21.01.2015

„Za mało żeby żyć, za dużo żeby umrzeć” Julia Kłusek


Młodość spędzona na Wołyniu, tragedia Polaków zamieszkujących kresy, pobyt z dziećmi w łagrze, tułaczka po Azji – takie właśnie tematy poruszyła Julia Kłusek w swoich niezwykle ciekawych i zarazem wstrząsających wspomnieniach zatytułowanych Za mało żeby żyć, za dużo żeby umrzeć. Spisała je dopiero pod koniec życia i nie liczyła na to, że zostaną wydane – ofiary stalinizmu nie miały przecież prawa się skarżyć. 

Na Wołyń Julia Kłusek przybyła wraz z mężem Franciszkiem w roku 1921 w ramach akcji zasiedlania – osadnikom obiecywano po 15 hektarów.

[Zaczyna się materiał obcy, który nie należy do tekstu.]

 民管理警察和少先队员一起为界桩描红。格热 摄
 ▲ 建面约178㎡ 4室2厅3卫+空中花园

Dziewczynie pochodzącej z biednej, wielodzietnej rodziny posiadanie takiej ilości ziemi wydawało się szczytem marzeń. Jednak wkrótce okazało się, że w osadzie wcale nie mieszka się dobrze – pierwsze dziecko Julii zmarło z nędzy, drugie wychowywała w ziemiance, w której nie było ani okien, ani drzwi, ani pieca. A działo się to zimą... 

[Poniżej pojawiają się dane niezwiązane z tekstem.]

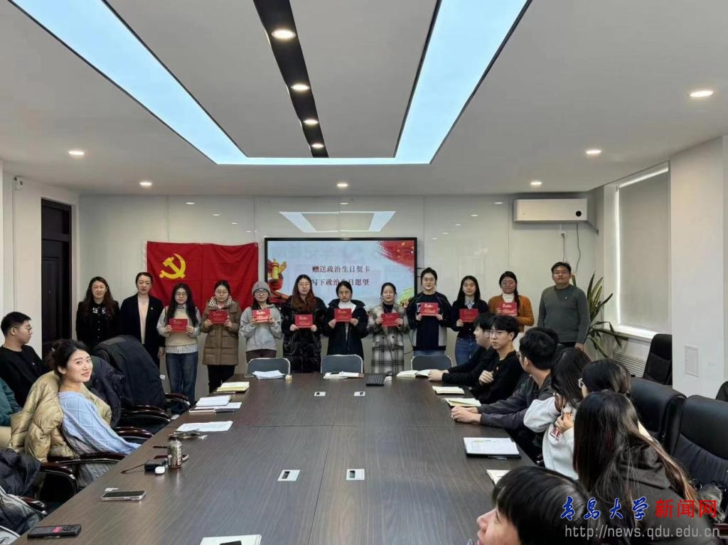 活動中,全體黨員重溫入黨誓詞。院黨委副書記孫竹媛為新加入黨組織的黨員贈送政治生日賀卡,各位黨員也莊重寫下自己的政治生日愿望并依次分享入黨初心以及感悟,全體黨員集體學(xué)習(xí)了習(xí)近平總書記依法治國重要講話精神并分享了學(xué)習(xí)體會。

Autorka w ciekawy sposób opisała swoje pionierskie życie w Szubkowie i potem w Bajonówce, nieporozumienia z ludnością ukraińską, ciężką pracę, rozbudowywanie gospodarstwa – i chwile, kiedy Sowieci wszystko Polakom odebrali. Wraz z trojgiem dzieci: Zosią, Ircią i Czesiem wywieziono ją na Syberię. Trafiła do łagru w Południewicy, gdzie musiała pracować tak ciężko jak mężczyźni. Jak udało jej się przetrwać tę gehennę? Chyba dzięki takim cechom charakteru jak pracowitość, niezwykła wytrzymałość fizyczna i pomysłowość. Kłusek radziła sobie ze ścinaniem drzew w tajdze na czterdziestostopniowym mrozie, z kruszeniem lodu na rzece, zorganizowała akcję łapania i gotowania kotów (brzmi to makabrycznie, ale pamiętajmy, że niemal umierała z głodu). O jej zaradności świadczy też fakt, że po opuszczeniu łagru jako jedyna spośród Polek zdołała sprowadzić z Afryki córkę Zofię.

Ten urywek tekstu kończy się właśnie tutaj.